Из того же следует, что весь мир, вся наша вселенная – это единая душа, ибо материя бранная связана везде атомами, а материя, как известно, и сковывает вечного странника – дух, блуждающий между мирами в поисках пристанища без оков материальности. Но каждый отдельный элемент представляет собой отдельную душу, каждый элемент этого элемента также является отдельной вселенной, которая чисто теоретически может копировать измерения верховного элемента этой бесконечной цепи – выходит что-то схожее с корпускулярной теорией строения пространства, но есть кое-какое различие между сей теорией и увиденным мной в тот миг: корпускулярная теория восславляет материю как хранительницу бесконечной цепи измерений, причём иной раз копирующих друг друга, а на самом-то деле материя является сковывающим элементом духа, который есть вселенная, хранящая в себе бесконечную череду иных вселенных, да шанс повторения этих миров, этих вселенных ничтожно мал.

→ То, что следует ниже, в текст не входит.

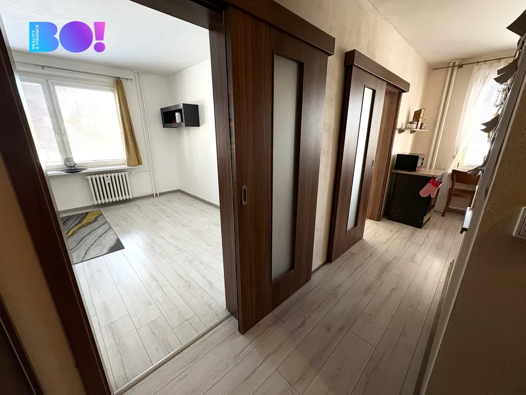 Dispozice bytu je velmi praktická. Po vstupu Vás přivítá chodba se šatní skříní, ze které je přístup do kuchyně, obývacího pokoje a jednoho z pokojů. Z obývacího pokoje se dále vstupuje do dalšího samostatného pokoje s lodžií. Koupelna je vybavena sprchovým koutem, toaleta je oddělená.

Впрочем, сие лишь антимония, ибо увиденное мною попросту неописуемо, ломоть малый этой истины, которая на мгновение раскрылась мне, нельзя облечь в слова, ибо дошла она до меня также в иной форме, напрямик проникнув в мою душу.

Затем дух мой затрепетал – я понял, что оно начало испаряться в небытие, но то небытие, конечно, относительно, ведь всякое небытие хранит в себе бытие, но совершенно иное.

На этот раз освобождение и очищение вышло куда более сильным по двум причинам: во-первых, объём материи, разрушенной мною, был куда больше. Во-вторых, с каждым очищением восприятие и понимание своего духа становилось лучше, как следствие – восприятие и иного духа также улучшалось.

Основываясь на плане, я должен был выбежать на улицу через второй подъезд, но существо моё было настолько поражено происходящим, что само немного оторвалось от цепей материи; я перестал слышать, чувствовать, мыслить – всё, что осталось от меня в миг тот, – это вечный дух. Я сумел немного прочувствовать освобождение на себе, но оковы всё так же держали птицу духа моего, не давая упорхнуть.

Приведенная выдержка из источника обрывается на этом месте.